> **Exercise**: The copy you give must match the records exactly, except that it holds no images.

> **Input records**:
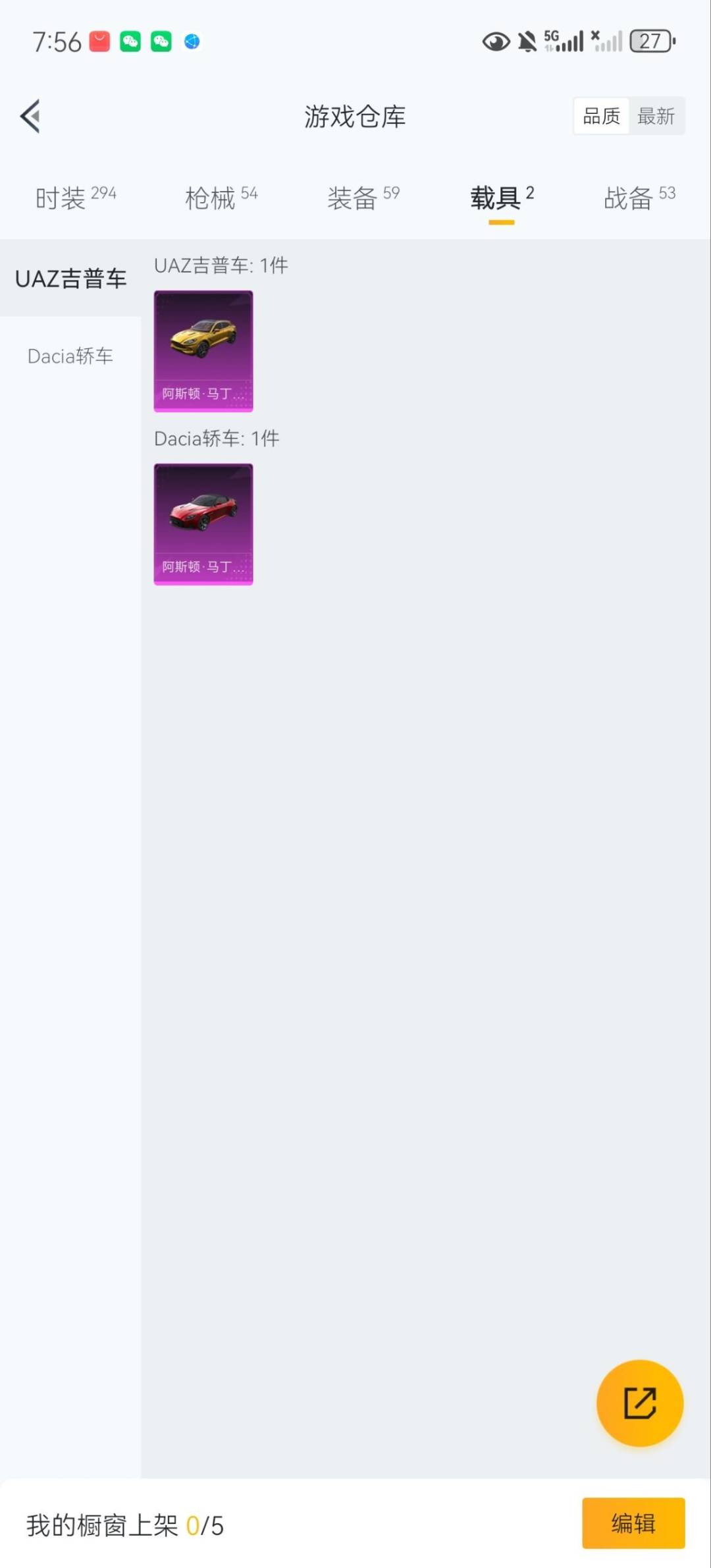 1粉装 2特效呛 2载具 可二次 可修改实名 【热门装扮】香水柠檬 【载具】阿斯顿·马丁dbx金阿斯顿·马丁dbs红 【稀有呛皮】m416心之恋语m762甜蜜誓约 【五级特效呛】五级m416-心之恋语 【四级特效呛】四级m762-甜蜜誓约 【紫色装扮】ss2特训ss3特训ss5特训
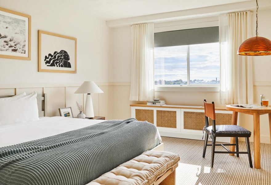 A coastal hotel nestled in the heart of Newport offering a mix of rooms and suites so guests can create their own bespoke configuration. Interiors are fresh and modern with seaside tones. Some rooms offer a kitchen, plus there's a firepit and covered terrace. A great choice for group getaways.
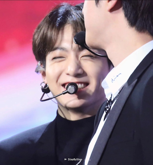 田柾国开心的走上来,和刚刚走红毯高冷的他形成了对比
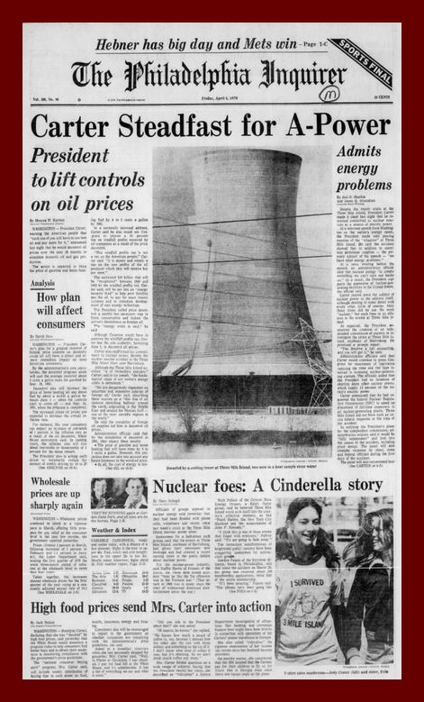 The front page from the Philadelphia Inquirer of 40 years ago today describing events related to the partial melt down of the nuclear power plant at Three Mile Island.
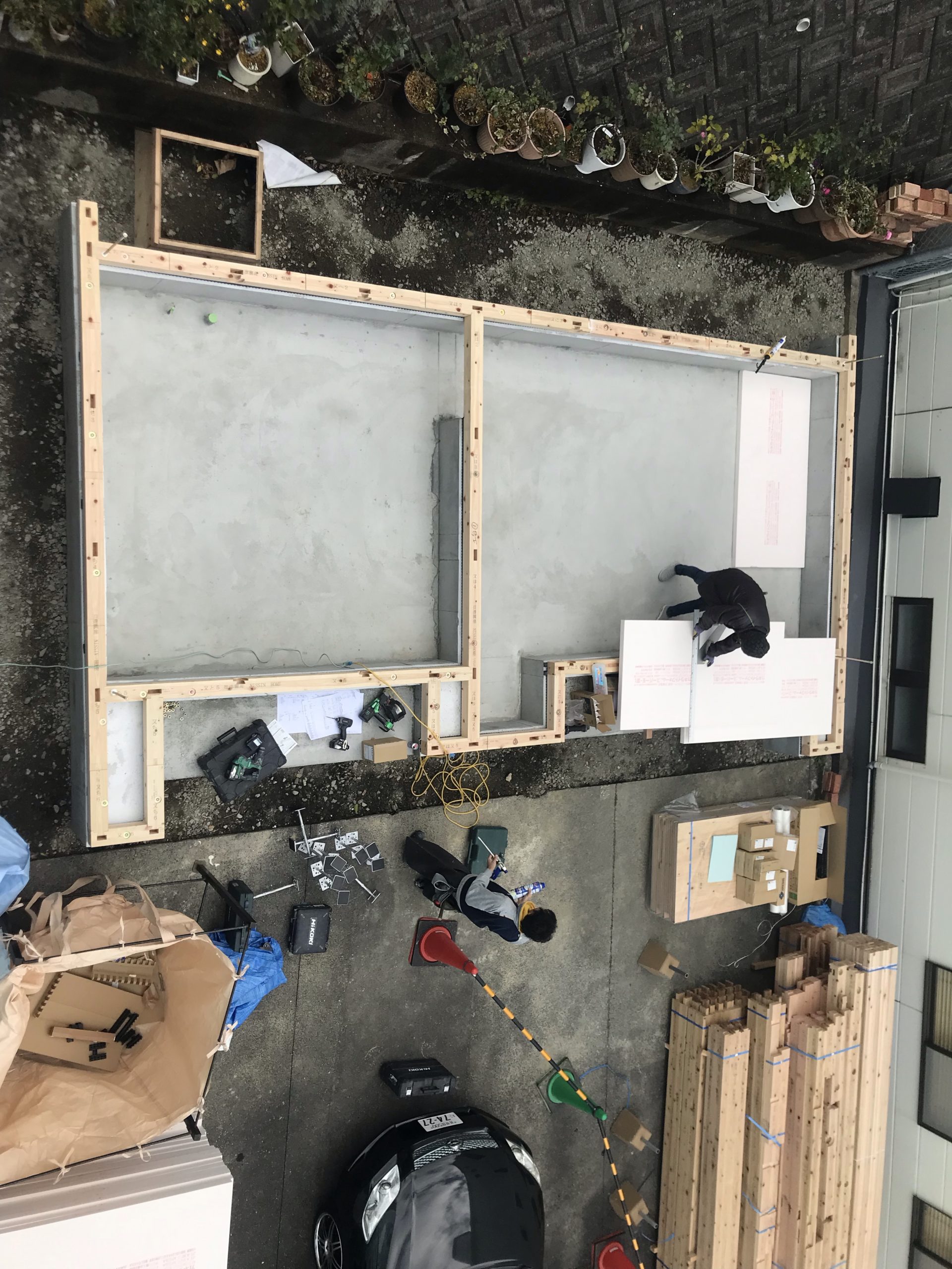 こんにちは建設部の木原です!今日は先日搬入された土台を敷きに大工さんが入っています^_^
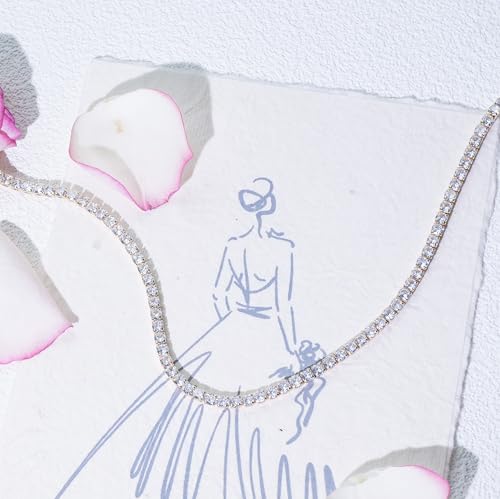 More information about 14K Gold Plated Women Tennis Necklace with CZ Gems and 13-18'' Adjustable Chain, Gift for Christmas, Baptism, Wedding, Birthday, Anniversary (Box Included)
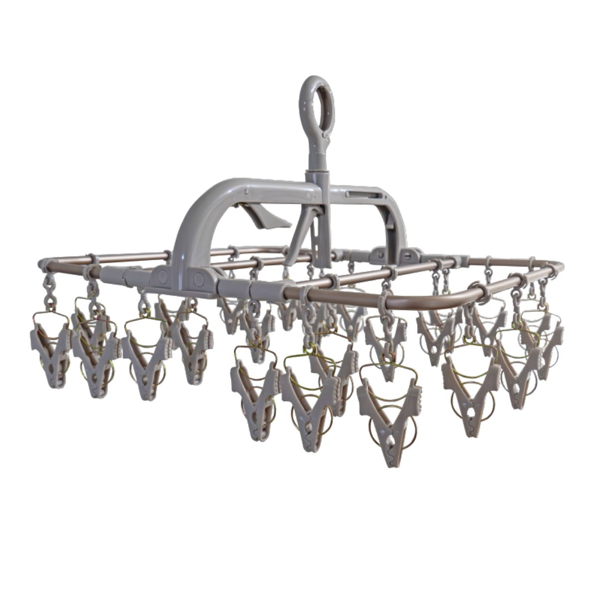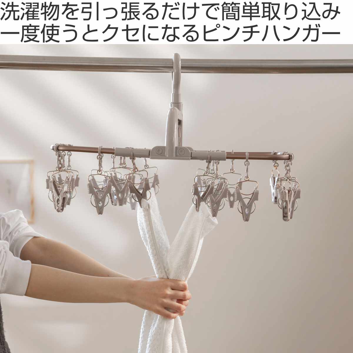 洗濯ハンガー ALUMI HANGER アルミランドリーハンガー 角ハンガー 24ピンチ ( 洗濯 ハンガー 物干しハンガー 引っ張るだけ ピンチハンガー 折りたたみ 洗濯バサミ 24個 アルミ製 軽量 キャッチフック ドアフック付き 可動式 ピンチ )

> **Written answer**:
 1粉装 2特效呛 2载具 可二次 可修改实名 【热门装扮】香水柠檬 【载具】阿斯顿·马丁dbx金阿斯顿·马丁dbs红 【稀有呛皮】m416心之恋语m762甜蜜誓约 【五级特效呛】五级m416-心之恋语 【四级特效呛】四级m762-甜蜜誓约 【紫色装扮】ss2特训ss3特训ss5特训
 A coastal hotel nestled in the heart of Newport offering a mix of rooms and suites so guests can create their own bespoke configuration. Interiors are fresh and modern with seaside tones. Some rooms offer a kitchen, plus there's a firepit and covered terrace. A great choice for group getaways.
 田柾国开心的走上来,和刚刚走红毯高冷的他形成了对比
 The front page from the Philadelphia Inquirer of 40 years ago today describing events related to the partial melt down of the nuclear power plant at Three Mile Island.
 こんにちは建設部の木原です!今日は先日搬入された土台を敷きに大工さんが入っています^_^
 More information about 14K Gold Plated Women Tennis Necklace with CZ Gems and 13-18'' Adjustable Chain, Gift for Christmas, Baptism, Wedding, Birthday, Anniversary (Box Included)
 洗濯ハンガー ALUMI HANGER アルミランドリーハンガー 角ハンガー 24ピンチ ( 洗濯 ハンガー 物干しハンガー 引っ張るだけ ピンチハンガー 折りたたみ 洗濯バサミ 24個 アルミ製 軽量 キャッチフック ドアフック付き 可動式 ピンチ )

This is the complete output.